Los inhibidores de la aromatasa y del citocromo P-450 son sustancias que tienen un efecto marcado sobre el metabolismo de la testosterona, inhibiendo su degradación a otros compuestos. Los primeros actúan evitando su conversión irreversible a estrógenos, bloqueando la acción mediada por la enzima aromatasa (3) como se muestra en la Figura 1, en la cual la testosterona, por un proceso de aromatización del anillo a del esqueleto ciclopentanoperhidrofenentreno, se transforma en estradiol.

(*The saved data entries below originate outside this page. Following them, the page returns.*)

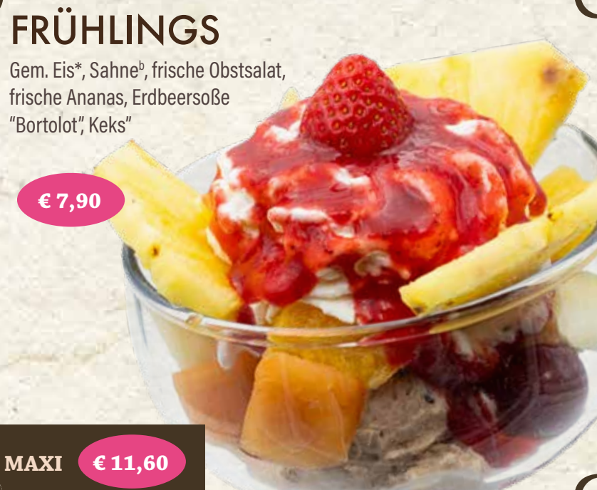
FRÜHLINGS Gem. Eis*, Sahne*, frische Obstsalat, frische Ananas, Erdbeersoße "Bortolot", Keks* € 7,90 MAXI € 11,60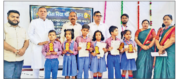
गोहाणा। मेधावी विद्यार्थी अपने गुरुजनों व अतिथियों के साथ।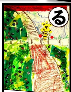
るりいろの 空までつづく 尾本坂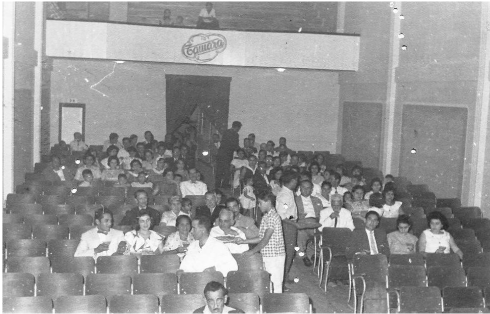
Ilustración del Tamara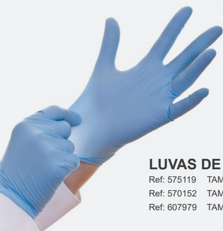
LUVAS DE NITRILO AZUL S/PÓ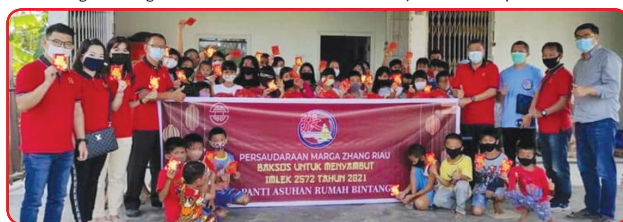
Pengurus Persaudaraan Marga Zhang Riau menyerahkan angpao kepada anak penghuni panti asuhan.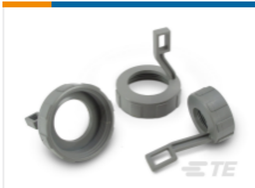
TE 产品编号M902-2194 DEUTSCH HD10 后盖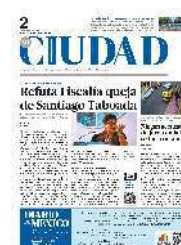
⊕ Ernestina Godoy Ra- mos, titular de la FGJ.

Los excesos de testosterona circulante, debido a su ingesta o a la de prohormonas, aumentan la concentración de estradiol, lo que trae como consecuencia la feminización en varones con aparición de galactorrea, ginecomastia, cambios en la voz y alteraciones en la piel, entre otros efectos (3). Para evitar éstos, los deportistas la utilizan concomitantemente con antiestrogénicos del tipo inhibidores de la aromatasa, logrando además que haya acumulación de testosterona y en consecuencia todos los efectos anabólicos que ésta produce. Por estas razones los antiestrogénicos (ejemplo la 3, 6, 17 androstenetriona, objeto de este estudio) se encuentran prohibidos por la Agencia Mundial Antidopaje (WADA, por su sigla en inglés) desde el año 2003, y desde su inclusión en la lista han sido prohibidos unas veces en hombres y otras veces tanto en hombres como en mujeres, siendo ésta la situación actual (4).

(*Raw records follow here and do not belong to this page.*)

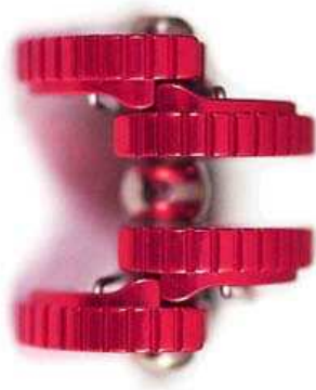
A Wild Country szerkezete felülnézetből

Bizonyos helyzetekben (kritikus szituációkban, ék vagy friend mérethiány esetén) előfordul, hogy a friendet ékként, teljesen nyitott pofaállással helyezzük el. Ez a használat megfelelő típust, és konstrukciót feltételez. Tartóerejük azonban nem egyezik meg a zárt, rendeltetésszerű használathoz vonatkozó értékekkel. Bizonyos gyártók a pofák találkozásánál barázdákat helyeznek el, megakadályozandó az összecukódást. Ez a vásárlásnál is fontos szempont lehet.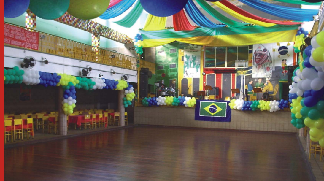
Sede do Clube Carnavalesco Misto Pás Douradas. Recife, 2006.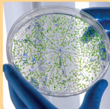
Estudio de Disbiosis Intestinal Ampliado

A partir de una muestra de heces podremos conocer la composición de nuestra microbiota intestinal y valorar un posible desequilibrio de la misma (disbiosis).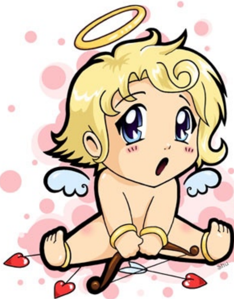
© Shushila / Deviant Art: Chibi Cupid

La transformation d' Éros en Amor change complètement la signification du symbole. Une fois retiré le pathos Éros - Thanatos , ce qui reste n'est que l'amour, pur et simple. Il y a de l'innocence dans Amor , comme si le pauvre Cupidon lui-même ne pouvait pas comprendre pourquoi exactement on en fait tout un plat. Et c'est simplement parce que nous pauvres mortels, nous sommes tellement embarrassés par l'amour pur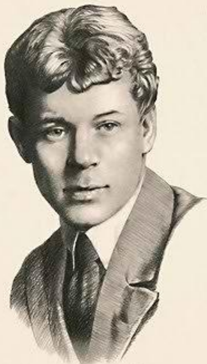
Сергей Александрович Есенин 1895—1925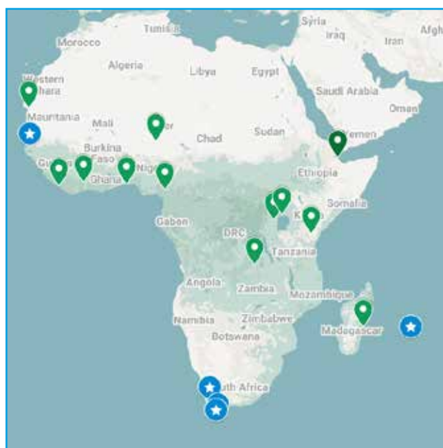
Figuur 1: Locaties op het Afrikaanse continent waar systematisch ringonderzoek wordt uitgevoerd [8].

Maar de resultaten van ringonderzoek zijn sterk afhankelijk van de vind- en meldkans. Locaties waar systematisch vogels worden gevangen spelen daarbij een belangrijke rol. In tegenstelling tot West-Europa zijn dat er in Afrika niet zoveel (figuur 1). Daar komt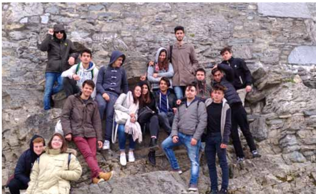
Figure 19-20 Mobilità in Irlanda, 2017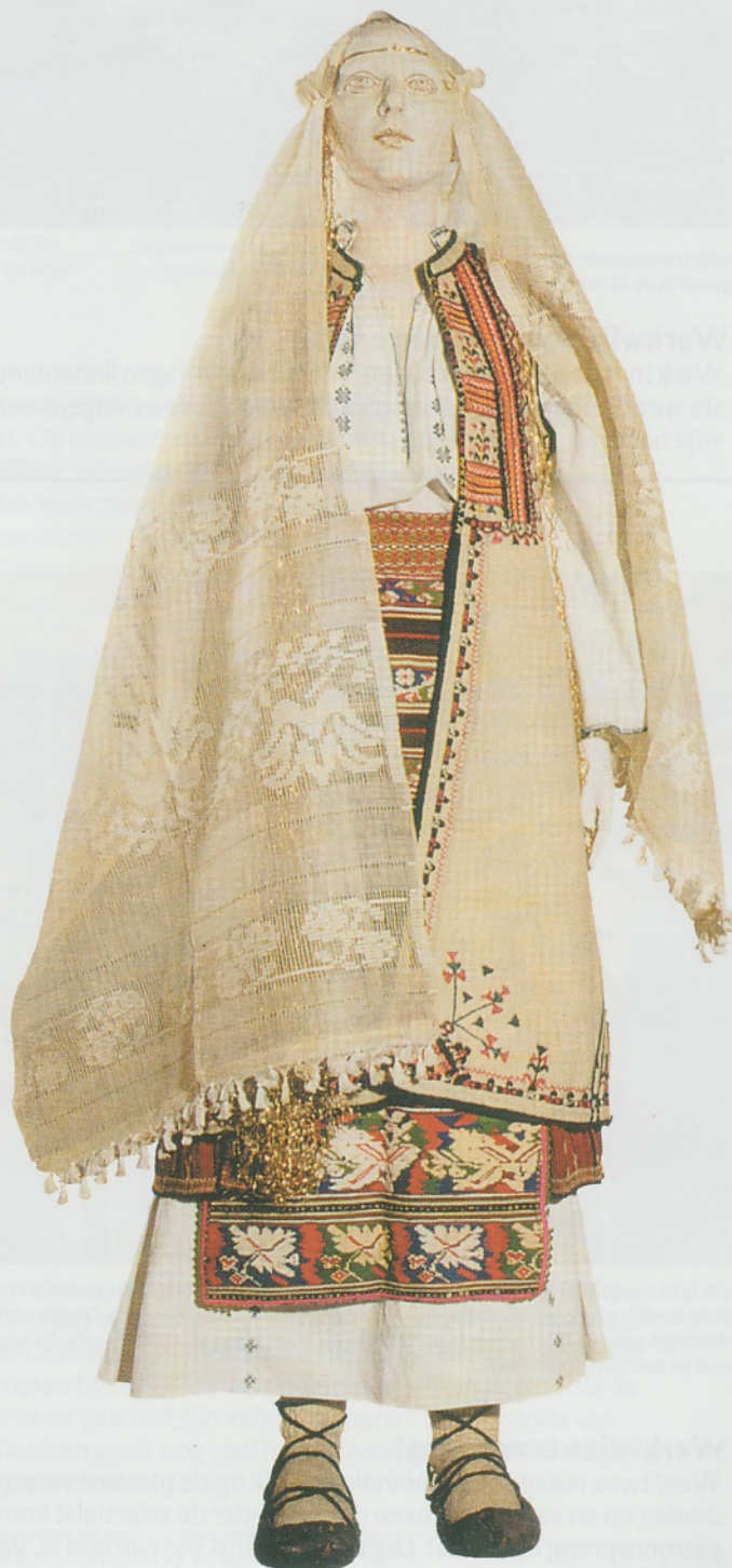
Feestelijk folklore kostuum, Oltenië, begin 20ste eeuw.

Por otra parte, la testosterona tiende a eliminarse del organismo por medio de otro mecanismo diferente a la aromatización, como es la formación de metabolitos más polares mediante la conjugación con el ácido glucurónico y la formación de sulfatos solubles en agua, reacción que es llevada a cabo por el citocromo p-450 3A4. éste cataliza hidroxilaciones de numerosos sustratos arreactivos, haciéndolos más fácilmente metabolizables mediante un conjunto de reacciones en los que las sustancias potencialmente tóxicas y normalmente hidrófobas se convierten en derivados hidrosolubles menos tóxicos que pueden excretarse con mayor facilidad (5). Los citocromos son hemoproteínas a las que se denomina globalmente citocromo p-450, suelen encontrarse en las membranas del retículo endoplasmático de los hepatocitos, en glándulas suprarrenales, en tejidos involucrados en el procesamiento de alimentos y en los testículos, localizados en las mitocondrias y en el retículo endoplasmático liso (6).

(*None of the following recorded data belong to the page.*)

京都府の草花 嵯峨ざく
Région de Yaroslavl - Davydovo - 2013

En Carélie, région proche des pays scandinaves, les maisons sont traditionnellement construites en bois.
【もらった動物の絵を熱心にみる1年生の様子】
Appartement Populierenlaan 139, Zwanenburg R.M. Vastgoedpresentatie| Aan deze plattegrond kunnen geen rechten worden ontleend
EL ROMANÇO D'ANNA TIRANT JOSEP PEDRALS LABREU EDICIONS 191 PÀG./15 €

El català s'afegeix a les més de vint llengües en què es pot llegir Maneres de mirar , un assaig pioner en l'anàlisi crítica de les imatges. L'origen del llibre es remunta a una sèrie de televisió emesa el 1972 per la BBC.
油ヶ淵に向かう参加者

La inhibición del citocromo P-450 ocasiona mayores niveles de la sustancia original, prolongación de los efectos intrínsecos y una mayor incidencia de intoxicación. En el caso de la testosterona, ésta tiende a acumularse y permanecer más tiempo en el organismo, incrementando sus efectos anabólicos.

Algunos inhibidores del citocromo incluyen: antimicóticos, como el ketoconazol (7), itraconazol y fluconazol; antibióticos, como claritromicina, eritromicina y troleandomicina; antidepresivos, como la nefazodona; inhibidores de la proteasa de VIH, como indinavir y ritonavir (3). Se han encontrado reportes de que el jugo de toronja, el cual contiene dos furanocumarinas: la 6', 7'-dihidroxibergamottin (DHB) y el bergamottin poseen el mismo efecto (8). Los análogos alquiloxi-furanocumarinas (del tipo bergamottin) inhiben la actividad del citocromo P-450 3A4 (CYP3A4), de una manera tiempo- dependiente en forma irreversible (9, 10).

El bloqueo intencional de las dos principales rutas metabólicas (aromatización y degradación vía citocromo P-450) está siendo aprovechado en forma fraudulenta por algunos deportistas, los cuales utilizan preparados farmacéuticos que contienen sustancias antiestrogénicas, como la 3, 6, 17 androstenetriona y bloqueadoras del citrocromo P-450, como la DHB, para aumentar las concentraciones de testosterona y de otros endógenos, mantenerlas más tiempo circulando dentro del organismo o estimular la biosíntesis de testosterona (11).

La técnica de gases-combustión-espectrometría de isótopos estables (GC-C-IRMS), que se utiliza en este estudio para establecer el origen de la testosterona, consiste en que los componentes de una mezcla que han sido previamente separados por cromatografía de gases pasan a un horno de combustión donde son convertidos en CO₂ y H₂O. Estas moléculas pasan a través de una membrana de Nafion que retiene el agua. El CO₂ libre de humedad entra a un detector de tiempo de vuelo, el cual tiene tres copas de Faraday que analizan m/z 44 que corresponde a CO₂ (C¹²O¹⁶), 45 que corresponde a CO₂ (C¹³O¹⁶) y 46 que corresponde a CO₂ (C¹³O¹⁶O¹⁷). La composición isotópica varía, dependiendo de las condiciones ambientales en que se formen los compuestos. Por ejemplo: en una planta depende de las características del suelo, del agua, de la cantidad de luz, etcétera. En el caso de los metabolitos de la testosterona, el delta de carbono¹³/ carbono¹² depende del lugar donde fue sintetizada: el cuerpo humano o un laboratorio. Hay dos criterios para evaluar los valores de delta y así saber si las sustancias analizadas presentan valores compatibles con sustancias de origen exógeno:

— Establecer unos valores de referencia con la población colombiana, que en nuestro caso son: androsterona: δ%o C¹³/C¹² = entre -17,5 y -23,2
Etiocolanolona: δ%o C¹³/C¹² = entre -18,0 y -23,8
—Establecer el valor del delta de un endógeno de referencia (sustancia que no se ve afectada por el consumo de testosterona o sus precursores exógenos) y compararlo con el delta de los metabolitos androsterona y etiocolanolona de la muestra.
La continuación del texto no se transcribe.